Editora Ltda. Todos os direitos reservados.

Introduction

Degenerative joint disease, or osteoarthrosis, is generally the main cause of physical deficiencies among elderly people.1 The pain and functional limitation caused by this condition, especially in the lower limbs, present a strong correlation with reduced quality of life (QOL) among these individuals.1 In the case of degenerative knee arthropathy, total knee arthroplasty (TKA) is the preferred therapeutic option for cases of greater severity. This surgical procedure has been documented as very satisfactory with regard to pain relief and restoration of joint function. This has led to greatly increased demand for this procedure to be performed, with a consequent strong economic impact.2

The current methods for assessing the results from TKA are based mainly on clinical signs and symptoms, physical examination and radiographic evaluation. This type of assessment does not take into account all aspects of the treatment, given that it is unable to detect patients' real needs and expectations, such as changes to their QOL, social relationships and environment.
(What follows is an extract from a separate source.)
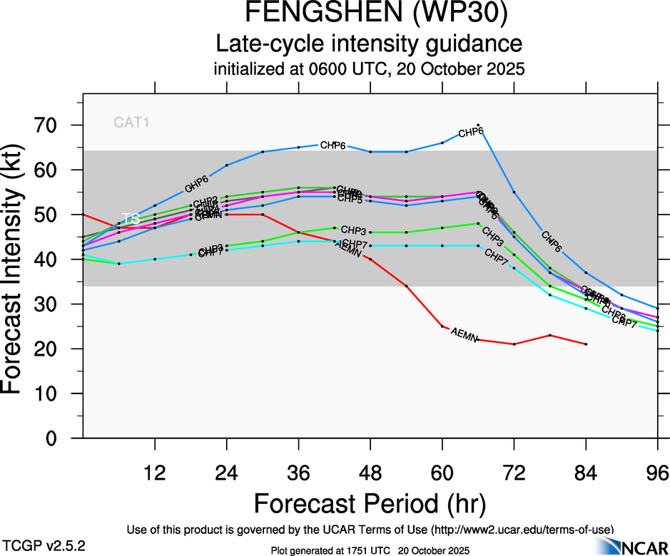 At 1200 UTC, 20 October 2025, FENGSHEN (WP30) was located in the Northwest Pacific basin at 18.5°N and 114.2°E. The current intensity was 45 kt and the center was moving at 12 kt at a bearing of 295 degrees. The minimum central pressure was 994 mb.

After achieving pain relief and restoration of joint function during the late postoperative period, patients tend to reassess their priorities. From then on, the way in which the surgical results have had a positive impact on patients' overall health and function and on their QOL needs to be assessed. Recent studies have shown that subjective factors affect the way in which individuals internalize their symptoms and functional capacity. Consequently, objective medical evaluation based on clinical and radiographic examination may be less important than the personal and individual idea that the treatment was successful in providing the results that the patient himself or herself was expecting before the procedure.3-6

The impact on QOL and satisfaction in relation to expectations are gaining attention day by day as strong indicators for evaluating the results obtained subsequent to TKA. These two parameters are the only ones capable of presenting the results from patients' own point of view. They also enable better understanding of the real effects from the surgery, including physical and psychosocial benefits, which also should be taken into account in making decisions and in therapeutic management. Studies on QOL have started to be conducted and to be valued because of the fundamental importance that they also have within the scope of public health and public policies, and within the fields of health promotion and disease prevention, as indicators for assessing the efficacy and impact of treatments, especially those that have a high cost.
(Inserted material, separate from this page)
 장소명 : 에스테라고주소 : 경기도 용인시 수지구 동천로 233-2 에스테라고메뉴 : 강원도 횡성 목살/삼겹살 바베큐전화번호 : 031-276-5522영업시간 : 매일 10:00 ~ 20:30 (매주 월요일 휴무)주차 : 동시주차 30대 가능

Many studies have revealed improvements in QOL among patients who have undergone TKA, but the variety of instruments and measurement intervals used, different scoring algorithms and non-standardized presentations of results

have also led to challenges in attempting to understand the literature on this topic. It also needs to be emphasized that the presence of various confounding variables such as age, gender, physical health conditions, psychological factors, schooling level, socioeconomic conditions, prior expectations and presence of complications, among others, reveals that there is a need for better comprehension of the real results provided by TKA regarding patients' QOL.7

This study had the aim of reviewing the literature on QOL among patients who undergo TKA, with a view to defining the impact of a variety of factors on the results and also defining which of them require better comprehension, in order to guide future studies on this subject.

Materials and methods

In order to survey the literature on this subject, the Medline, Embase, Lilacs and SciELO databases were searched using the following terms: TKA (total knee arthroplasty); TKR (total knee replacement); quality of life; and outcomes. The search was restricted to the English language and the last ten years. The reference lists of the studies selected were also searched for other articles that possibly could be included.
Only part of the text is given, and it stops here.